76. On April 16, 1848 a peaceful procession of Paris workers marched towards the Town Hall to present a petition to the Provisional Government for “organisation of labour” and “abolition of the exploitation of man by man.” The workers encountered battalions of the bourgeois national guard and were forced to retreat.
On May 15, 1848 Paris workers led by Blanqui, Barbès and others took revolutionary action against the anti-labour and anti-democratic policy of the bourgeois Constituent Assembly which had opened on May 4. The participants in the mass demonstration forced their way into the Assembly, demanded the formation of a Ministry of Labour and presented a number of other demands. An attempt was made to form a revolutionary government. National guards from the bourgeois quarters and regular troops succeeded, however, in restoring the power of the Constituent Assembly. The leaders of the movement were arrested and put on trial.
77. The Mobile Guard was set up by a decree of the Provisional Government on February 25, 1848 with the secret aim of fighting the revolutionary masses. Armed units consisted mainly of lumpenproletarians and were used to crush the June uprising of the Paris workers. Subsequently, it was disbanded on the insistence of the Bonapartists, who feared that in the event of a conflict between President Bonaparte and the republicans the Mobile Guard would side with the latter.
For Marx’s description of the Mobile Guard see his work The Class Struggle in France, 1848 to 1850.

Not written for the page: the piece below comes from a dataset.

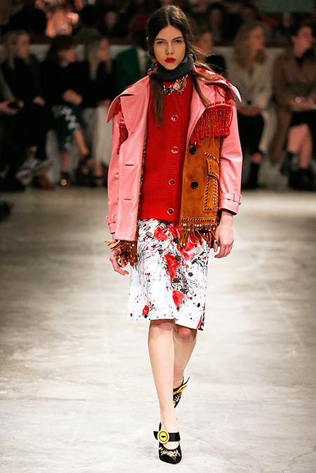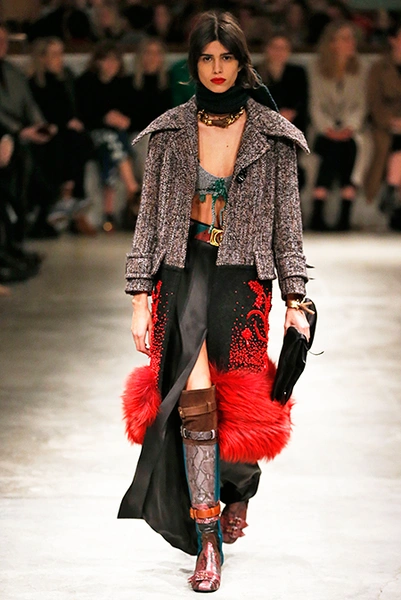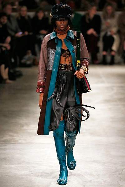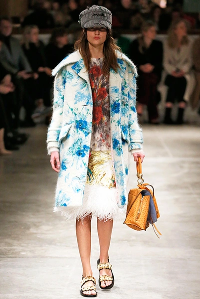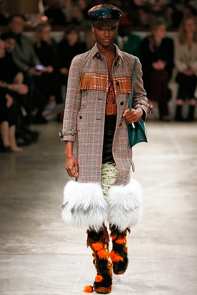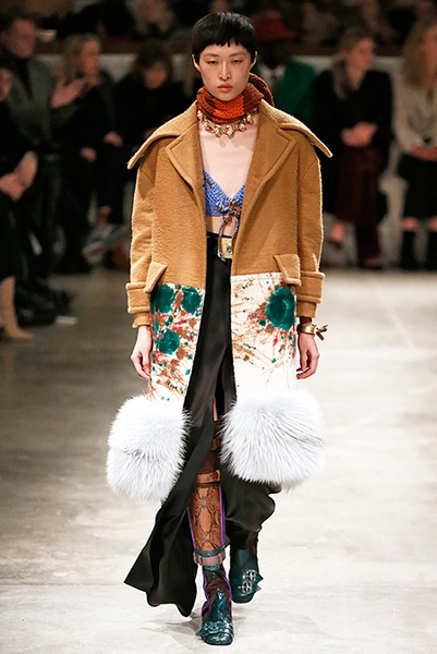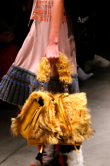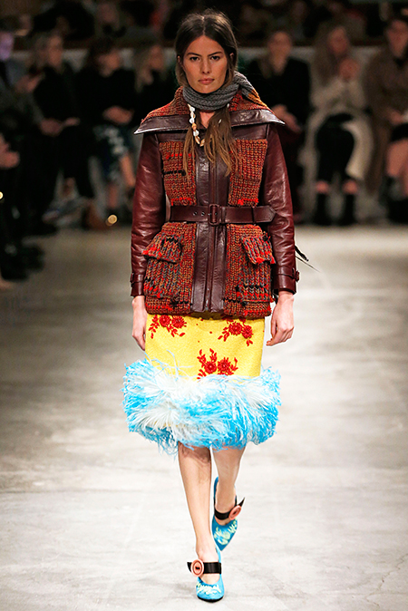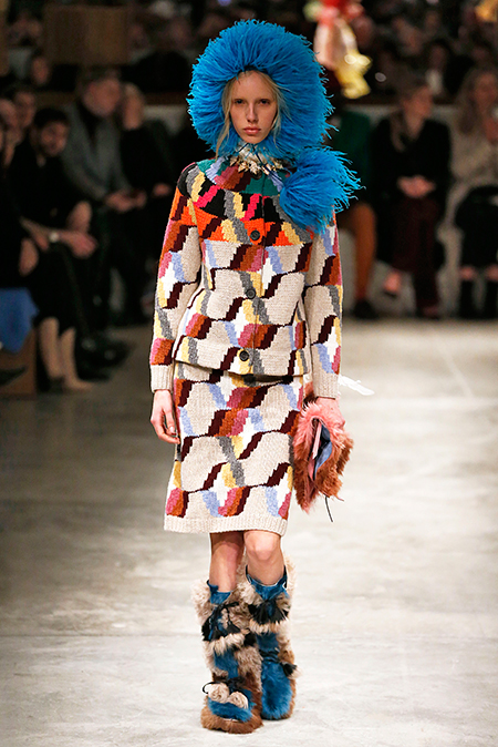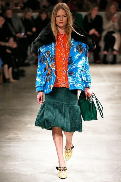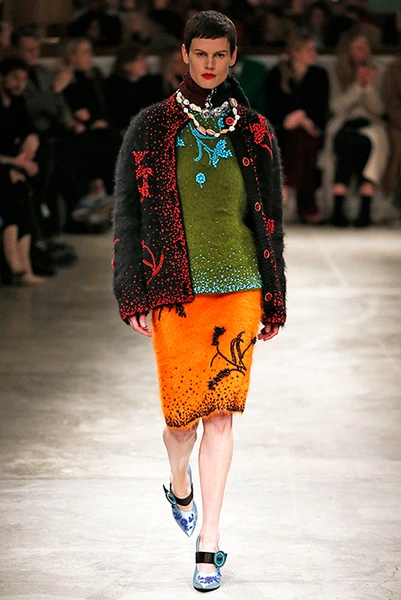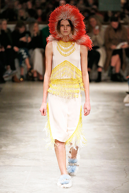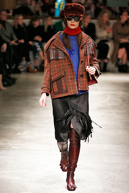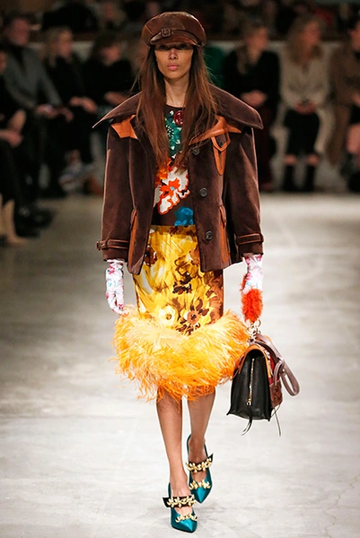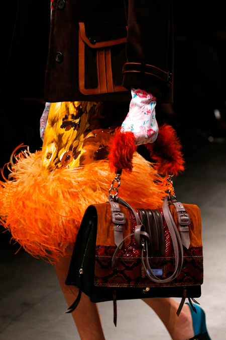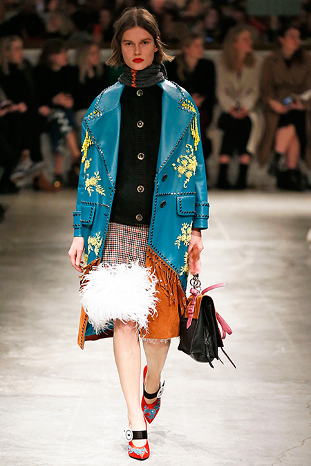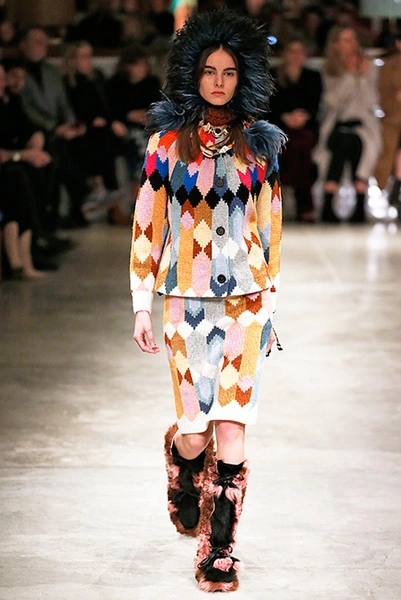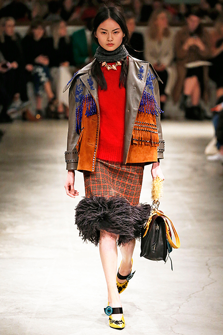 Я буду неоригинальна, если скажу, что Миучча Прада опережает моду и диктует ее, при этом цитируя себя. В новом шоу было несколько отправных точек. В первую очередь, для того, чтобы лучше понять коллекцию осень-зима, стоит начать с мужского шоу и посмотреть pre-fall. Основой послужили национальные образы коренных жителей Северной Америки, Перу, вплетенные в канву правящих бал семидесятых.

78. An allusion to a legend according to which the Roman Emperor Constantine (274-337) on the eve of a battle against his rival Maxentius in 312 saw in the sky the sign of the Cross and over it the words: “By this sign thou shalt conquer!” With this legend the Church links Constantine’s “conversion” from the persecution of Christianity to its protection.
112. In the 1850s, the Count of Chambord, the Legitimist pretender to the French throne, lived in Venice.
Claremont – see Note 93.
113. The reference is to tactical disagreements in the Legitimist camp during the Restoration period. Louis XVIII and Villele favoured a more cautious introduction of reactionary measures while the Count d’Artois (King Charles X from 1824) and Polignac ignored the actual situation in France and advocated the complete restoration of the pre-revolutionary regime.
The Tuileries Palace in Paris was Louis XVIII’s residence.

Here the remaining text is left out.